Anahí volvió a suspirar, dejando caer las páginas de anuncios junto al
requerimiento, sobre la reducida mesa que, al igual que el resto del mobiliario de la
diminuta cocina, y casi todo lo que contenía el pequeñísimo apartamento, era
alquilada. Curvó ahora suavemente los dedos de ambas manos sobre el vientre,
ligeramente hinchado. Desde luego, la pobreza no la tomaba por sorpresa. Se había
criado en medio de ella. Y, por otra parte, estaba acostumbrada, a la fuerza, a estar
sola. Salvo esos cuatro años que había estado casada con Sam, que, pensándolo bien,
no habían brillado tampoco por la sensación de compañía, llevaba viviendo sola
desde los dieciséis años, al morir su madre; a su padre no lo había conocido nunca.
Así que sabía que podía cuidar de sí misma: lo había hecho durante muchos años.
Claro que el bebé... Ésa era la causa de preocupación. Mantenerse ella no era nada,
comparado con los cuidados que harían falta, que, en realidad, ya le hacían falta, a la
minúscula vida que dependía exclusivamente de ella para su supervivencia.
Tratando de no llorar, Anahí apretó un poco más fuerte las manos contra el
vientre. «Vaya por Dios, mira que somos lloronas las mujeres embarazadas». Pensó
en los cuatro meses que todavía le faltaban hasta el parto. Cuatro meses de total
incertidumbre. Cuatro meses de preguntarse cómo conseguiría criar a un niño con
los limitados ingresos de su trabajo de camarera. Cuatro meses sintiéndose sola,
asustada, ansiosa. Cuatro meses de preocupación constante por su propia vida y la
de su niño.
Y, una vez viniera al mundo, la vida se llenaría de... más miedo, más ansiedad,
más preocupación. Respiró a fondo, y trató de tranquilizarse, pasándose los dedos
rápidamente debajo de los ojos. Podían pasar muchísimas cosas en cuatro meses. Y
tampoco a ella le iba tan mal como a muchas otras personas. Tenía un techo para
cobijarse, y una cama en la que dormir... por lo menos durante otro par de semanas.
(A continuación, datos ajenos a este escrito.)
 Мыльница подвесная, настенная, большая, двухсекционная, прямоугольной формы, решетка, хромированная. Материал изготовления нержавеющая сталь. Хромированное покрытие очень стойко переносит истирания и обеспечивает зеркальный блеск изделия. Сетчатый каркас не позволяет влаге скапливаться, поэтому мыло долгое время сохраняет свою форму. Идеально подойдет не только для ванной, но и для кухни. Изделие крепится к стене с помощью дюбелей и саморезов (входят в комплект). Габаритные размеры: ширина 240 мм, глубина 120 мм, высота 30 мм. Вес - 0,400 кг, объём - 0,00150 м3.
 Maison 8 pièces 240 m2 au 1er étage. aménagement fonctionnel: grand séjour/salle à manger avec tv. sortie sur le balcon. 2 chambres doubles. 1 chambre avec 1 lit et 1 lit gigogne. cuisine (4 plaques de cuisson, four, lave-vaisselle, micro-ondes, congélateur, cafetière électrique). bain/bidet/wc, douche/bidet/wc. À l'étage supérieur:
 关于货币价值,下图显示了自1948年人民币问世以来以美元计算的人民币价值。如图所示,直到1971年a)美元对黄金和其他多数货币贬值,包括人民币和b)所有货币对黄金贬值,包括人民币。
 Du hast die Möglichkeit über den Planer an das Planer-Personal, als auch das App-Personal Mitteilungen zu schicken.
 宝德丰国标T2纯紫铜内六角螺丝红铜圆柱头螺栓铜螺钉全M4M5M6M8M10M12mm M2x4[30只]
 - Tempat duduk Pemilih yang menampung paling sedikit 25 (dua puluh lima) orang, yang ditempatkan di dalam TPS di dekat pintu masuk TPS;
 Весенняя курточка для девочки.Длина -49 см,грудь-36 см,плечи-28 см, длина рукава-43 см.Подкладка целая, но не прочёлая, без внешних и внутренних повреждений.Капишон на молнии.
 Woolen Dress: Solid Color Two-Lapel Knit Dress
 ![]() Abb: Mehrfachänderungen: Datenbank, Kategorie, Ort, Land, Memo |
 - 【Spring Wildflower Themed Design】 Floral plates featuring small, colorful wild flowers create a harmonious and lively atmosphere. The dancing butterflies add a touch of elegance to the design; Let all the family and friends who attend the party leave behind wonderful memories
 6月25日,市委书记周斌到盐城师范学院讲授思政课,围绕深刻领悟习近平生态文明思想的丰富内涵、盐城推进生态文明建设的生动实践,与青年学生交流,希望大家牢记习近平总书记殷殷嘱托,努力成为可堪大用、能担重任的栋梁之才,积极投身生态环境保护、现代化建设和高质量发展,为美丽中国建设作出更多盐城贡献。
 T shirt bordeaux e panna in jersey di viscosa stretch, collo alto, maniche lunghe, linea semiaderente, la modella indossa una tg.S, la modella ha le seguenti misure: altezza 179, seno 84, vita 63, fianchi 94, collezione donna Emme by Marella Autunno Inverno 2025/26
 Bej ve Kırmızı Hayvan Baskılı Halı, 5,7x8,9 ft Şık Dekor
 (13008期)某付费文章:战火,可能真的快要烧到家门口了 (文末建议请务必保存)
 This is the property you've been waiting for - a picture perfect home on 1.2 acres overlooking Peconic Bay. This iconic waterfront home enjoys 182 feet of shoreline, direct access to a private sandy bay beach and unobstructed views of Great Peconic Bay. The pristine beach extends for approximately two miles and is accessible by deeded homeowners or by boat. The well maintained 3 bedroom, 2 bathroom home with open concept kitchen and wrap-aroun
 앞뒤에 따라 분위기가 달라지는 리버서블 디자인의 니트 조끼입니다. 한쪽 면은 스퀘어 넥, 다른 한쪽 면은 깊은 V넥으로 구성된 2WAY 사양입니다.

Había comida en el frigorífico, calor en el radiador, aunque no mucho, y un sueldo
fijo, aunque pequeño.
Y, además, se dijo, empezando a sonreír, faltaban tres semanas para Navidad. Era
el momento más hermoso del año. El tiempo para la esperanza, para los milagros. Sí,
podían suceder muchas cosas desde ahora hasta el nacimiento del niño. De
momento, estaba... estaban los dos, bien. Miró el reloj y se sorprendió. Tenía que salir
inmediatamente para llegar a su tuno, que era el de la hora de la comida de las
empresas.
Se puso a toda prisa el uniforme amarillo de la cafetería Evie's, leotardos blancos y
tenis blancos, y luego se pasó un peine por el pelo, largo y con grandes rizos, que
tanto le costaba domar. Se lo recogió en una cola de caballo, se puso una chaqueta de
punto, porque la verdad era que ya hacía mucho frío, descolgó el abrigo de su
percha, y salió. Al cerrar la puerta de la casa, no pudo evitar pensar que el número de
veces que volvería a repetir aquellos gestos tan naturales estaba ya limitado. El
arrendador, Ed Franke, estaba rescindiendo todos los contratos para iniciar la
rehabilitación del edificio, que se vendería dentro de unos meses por apartamentos.
Anahí no tenía ningún pariente al que dirigirse, así que no le quedaba más remedio
que encontrar otro sitio. Ni para el desalojo ni para el parto estaba verdaderamente
preparada, pero uno y otro llegarían, inevitablemente.